Mary Quintal (née Voon; born 1929) was an Assistant Superintendent of Police from 1961 to 1974 and a former badminton player. She was the first female police inspector in Singapore, and was inducted into the Singapore Women's Hall of Fame in 2014.

==Early life and badminton career==
Quintal was educated in Raffles Girls' School and initially aspired to be an interior decorator or a physical training instructor. When the police force first announced plans to recruit women, she decided to join the force, despite her mother's wish for her to study medicine instead.

She won the Singapore Badminton Association mixed doubles title with Ong Poh Lim in 1956.

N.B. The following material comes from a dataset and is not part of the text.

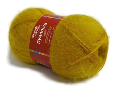 Пряжа для вязания Пушинка Троицкой фабрики 65% шерсть, 50% козий пух моточки по 50 грамм длина нити 225 метровцвет Горчица

==Singapore Police Force==
Quintal was one of the first ten women selected to join the Singapore Police Force, undergoing training at the Thomson Road Police Training School. She joined the Singapore Police Force on 1 March 1949 as a constable, and was promoted to the rank of inspector six months later, becoming the first female inspector in Singapore. In 1950, she was chosen to go on a four-month trip to the United Kingdom to study police methods in Great Britain. She participated in the investigation of the murder of Lim Yew See in 1955. By 1959, she was the only one of the original ten women to have remained in the force, and commanded the Woman Police Constabulary.

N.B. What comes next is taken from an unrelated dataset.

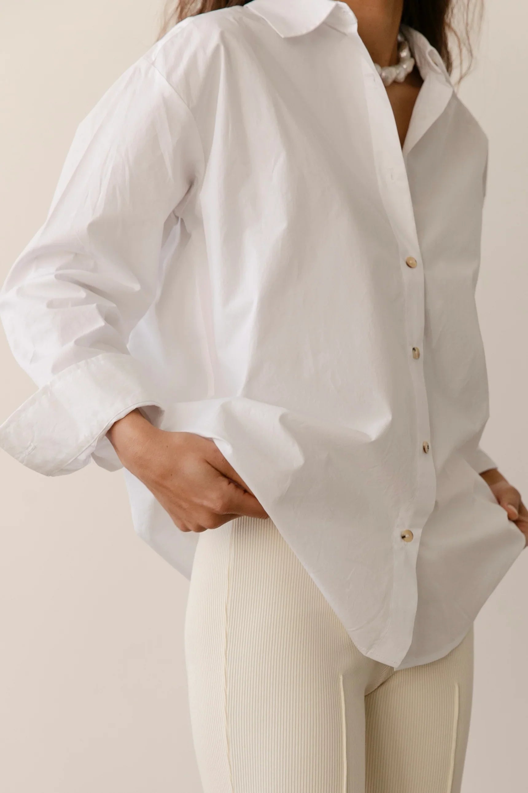 A season-less essential crafted with 100% cotton poplin. featuring a subtle dropped shoulder and tortoise-like buttons.

In October 1961, Quintal was promoted to the rank of Assistant Superintendent, making her the first woman to achieve the rank in Singapore. Following her retirement, her position as Assistant Superintendent was taken over by Mandy Goh, who joined the force in 1952, thus making her the second woman to hold the title of assistant superintendent of the police in Singapore.

==Personal life==
Quintal married assistant Marine Department engineer Victor Quintal on 24 September 1953. She and Victor had a son.

On 10 July 1970, she was taken to Singapore General Hospital due to a suspected overdose on sleeping tablets. On 14 July, she was taken off the "dangerously ill" list. On 17 July, her condition was reported to have been "improving". She was discharged from the hospital on 19 July.

Following her retirement, she and her family moved to Perth, Australia.

==Legacy==
Quintal was inducted into the Singapore Women's Hall of Fame in 2014. The 2015 television series Mata Mata is inspired by Quintal.